:: What you are asked to do ::
Look below for the line that contains "function fact( n:integer" and the line that contains "Pepperstone激石—", then restate both of them and every line in between, exactly. No picture goes in the copy.

:: The input ::

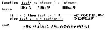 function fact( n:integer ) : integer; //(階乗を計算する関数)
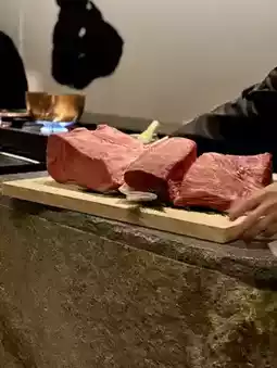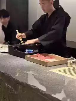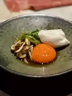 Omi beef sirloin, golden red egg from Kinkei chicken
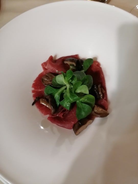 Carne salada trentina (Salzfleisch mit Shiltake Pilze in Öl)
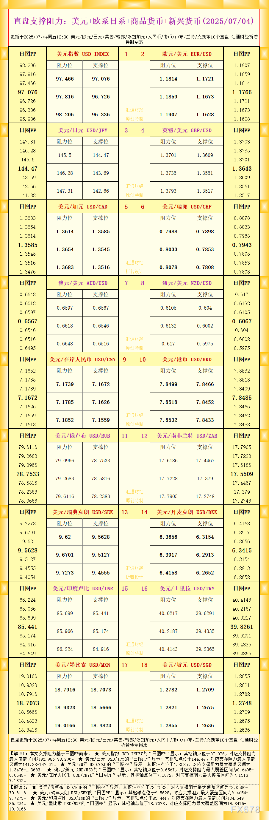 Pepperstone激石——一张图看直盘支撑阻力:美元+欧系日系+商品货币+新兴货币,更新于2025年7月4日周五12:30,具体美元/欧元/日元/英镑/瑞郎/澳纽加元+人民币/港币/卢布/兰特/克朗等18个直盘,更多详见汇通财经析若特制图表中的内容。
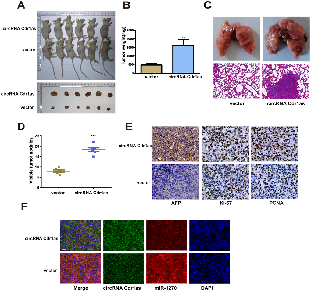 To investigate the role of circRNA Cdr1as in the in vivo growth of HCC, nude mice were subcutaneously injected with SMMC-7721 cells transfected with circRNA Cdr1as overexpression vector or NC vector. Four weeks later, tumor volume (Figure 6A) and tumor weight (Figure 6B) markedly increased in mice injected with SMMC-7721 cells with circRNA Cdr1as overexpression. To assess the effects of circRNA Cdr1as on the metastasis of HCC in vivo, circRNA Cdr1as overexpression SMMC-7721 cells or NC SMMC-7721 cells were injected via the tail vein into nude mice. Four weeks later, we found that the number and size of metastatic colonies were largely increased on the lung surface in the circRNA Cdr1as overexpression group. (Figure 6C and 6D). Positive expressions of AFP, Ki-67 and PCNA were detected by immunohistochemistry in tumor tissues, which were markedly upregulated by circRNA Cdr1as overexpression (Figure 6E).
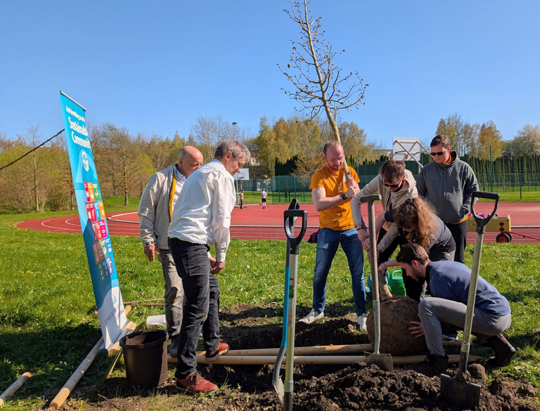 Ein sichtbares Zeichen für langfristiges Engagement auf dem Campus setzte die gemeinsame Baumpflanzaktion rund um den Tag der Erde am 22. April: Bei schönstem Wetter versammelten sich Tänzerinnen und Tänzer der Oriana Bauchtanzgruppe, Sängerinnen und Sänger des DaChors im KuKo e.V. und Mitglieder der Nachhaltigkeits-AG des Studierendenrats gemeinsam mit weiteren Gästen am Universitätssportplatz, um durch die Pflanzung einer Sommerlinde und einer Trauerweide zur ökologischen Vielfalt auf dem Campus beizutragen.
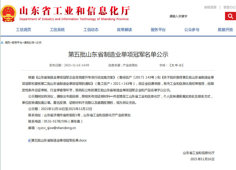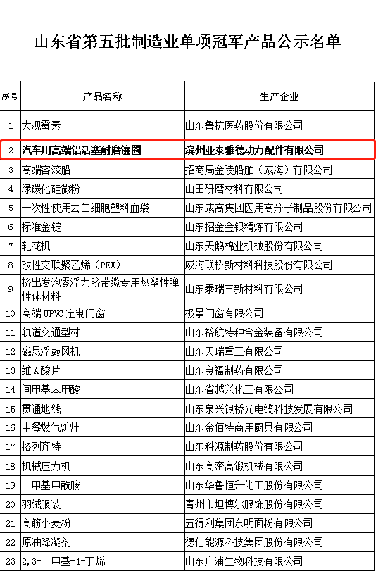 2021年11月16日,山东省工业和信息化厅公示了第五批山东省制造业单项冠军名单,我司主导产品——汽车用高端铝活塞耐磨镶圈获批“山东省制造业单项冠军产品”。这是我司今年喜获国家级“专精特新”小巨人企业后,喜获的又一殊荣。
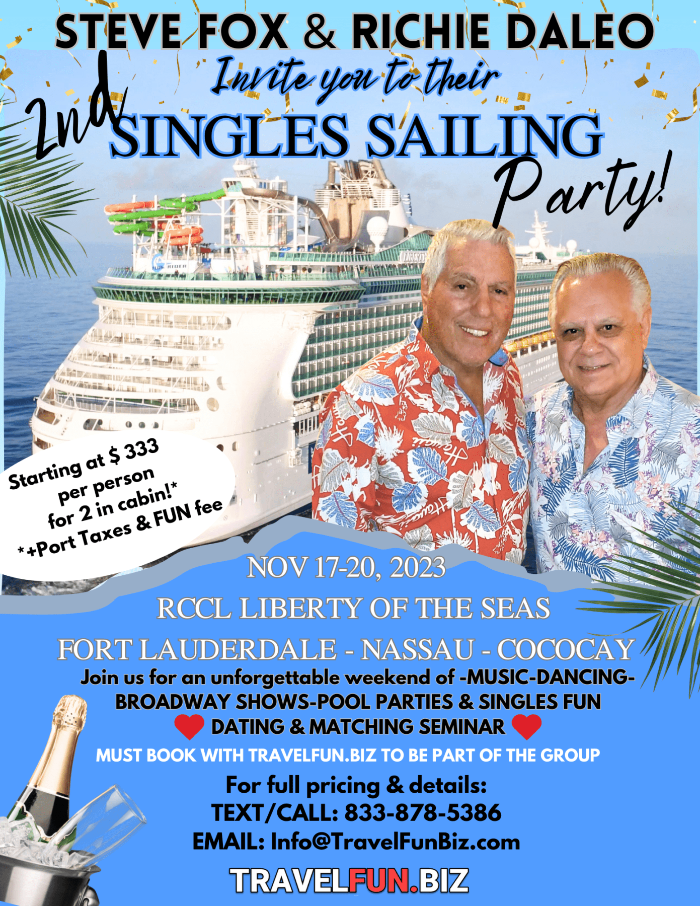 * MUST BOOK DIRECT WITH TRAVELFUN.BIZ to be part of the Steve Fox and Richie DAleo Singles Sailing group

...

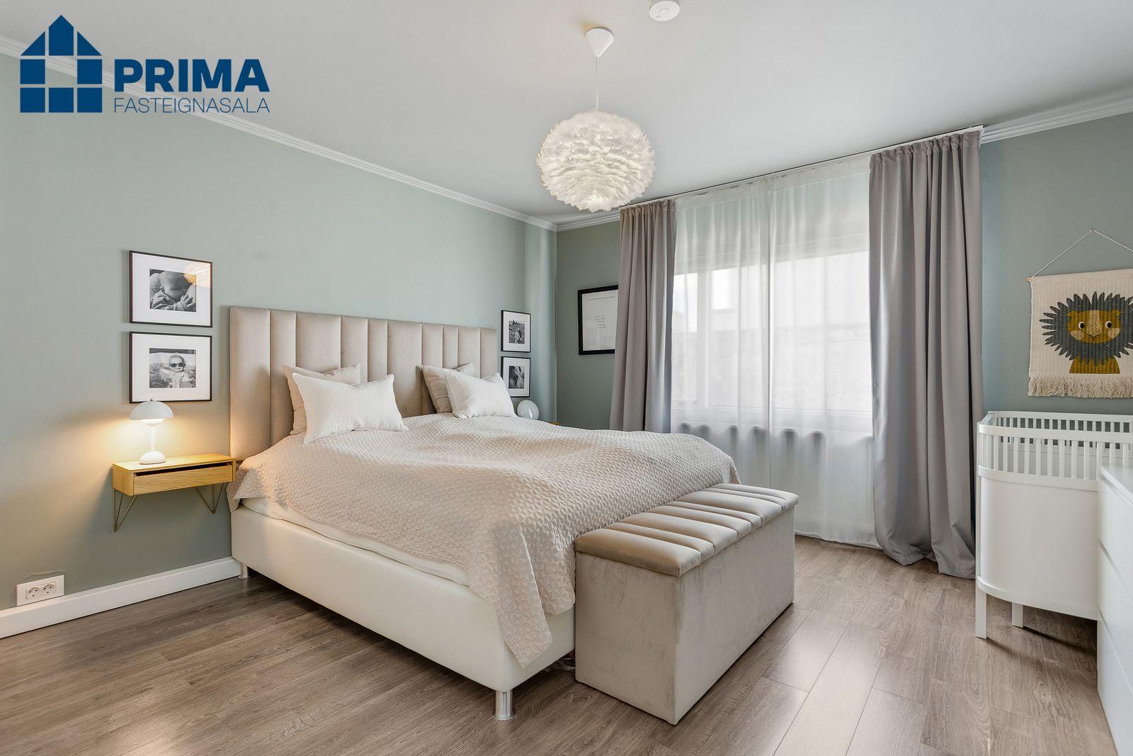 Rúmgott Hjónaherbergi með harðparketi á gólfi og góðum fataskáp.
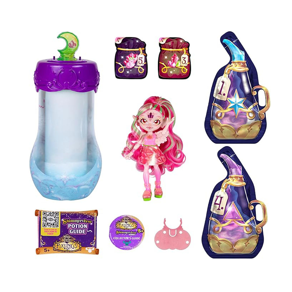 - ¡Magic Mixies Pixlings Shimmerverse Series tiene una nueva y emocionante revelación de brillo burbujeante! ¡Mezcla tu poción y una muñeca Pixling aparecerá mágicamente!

:: Written response ::
 function fact( n:integer ) : integer; //(階乗を計算する関数)
 Omi beef sirloin, golden red egg from Kinkei chicken
 Carne salada trentina (Salzfleisch mit Shiltake Pilze in Öl)
 Pepperstone激石——一张图看直盘支撑阻力:美元+欧系日系+商品货币+新兴货币,更新于2025年7月4日周五12:30,具体美元/欧元/日元/英镑/瑞郎/澳纽加元+人民币/港币/卢布/兰特/克朗等18个直盘,更多详见汇通财经析若特制图表中的内容。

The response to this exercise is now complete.